>
> Those coming to Julia from languages like Python, R, Matlab/Octave, etc. 
> have it ingrained in them to "fear the loop" and to perform loop-like 
> calculations in "verbose and convoluted" ways.
>
Please compare my Python version with yours. If I look at the Python 
version in 2 month, I'll immediately understand what it does and what it is 
used for, yours is not as straight forward. 

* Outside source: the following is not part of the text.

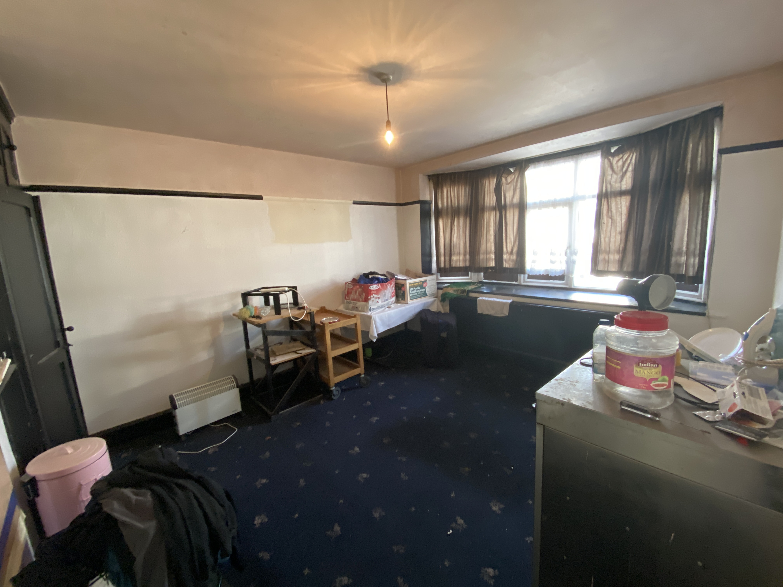Three-bedroom first floor flat with detached garage in need of modernisation being offered with a 990-year lease and land with development potential stpp. Located in Christchurch town centre.

But I'm really not complaining. I was just surprised that I couldn't 
decrease the allocation. I still don't understand why t[1] = 1.0+2.0 
allocates nothing, while t[:] = 1.0+2.0 allocates things. 
 

>  It is actually quite easy to do this calculation in Julia with very 
> little storage allocation by writing three nested loops.
>
> function mindist(pos::Matrix{Float64}, Acp::Matrix{Float64})
>     m,n = size(pos)
>     r,s = size(Acp)
>     m == r || throw(DimensionMismatch(""))
>     res = fill(Inf,(n,))
>     for i in 1:n
>         for j in 1:s
>             sm = 0.
>             for k in 1:m
>                 sm += abs2(pos[k,i] - Acp[k,j])
>             end
>             if sm < res[i]
>                 res[i] = sm
>             end
>         end
>     end
>     res
> end
>
> On my machine timing the second execution (the first execution includes 
> compile time) I get
>
> julia> @time mindist(pos,Acp);
> elapsed time: 0.002806999 seconds (744 bytes allocated)
>
>
Thank you. Very good ideas there also. 


Just a last related question: is there any way in Julia to work on complete 
vector/matrices (without unrolling) without allocating stuff? For instance 

t = zeros(Float64, 3)
a = rand(Float64, 3)
b = rand(Float64, 3)

t[:] = a[:]
t[:] .*= b[:]

but without allocation? @devec reduces it by half but it's still not zero. 
There might be no better alternative yet.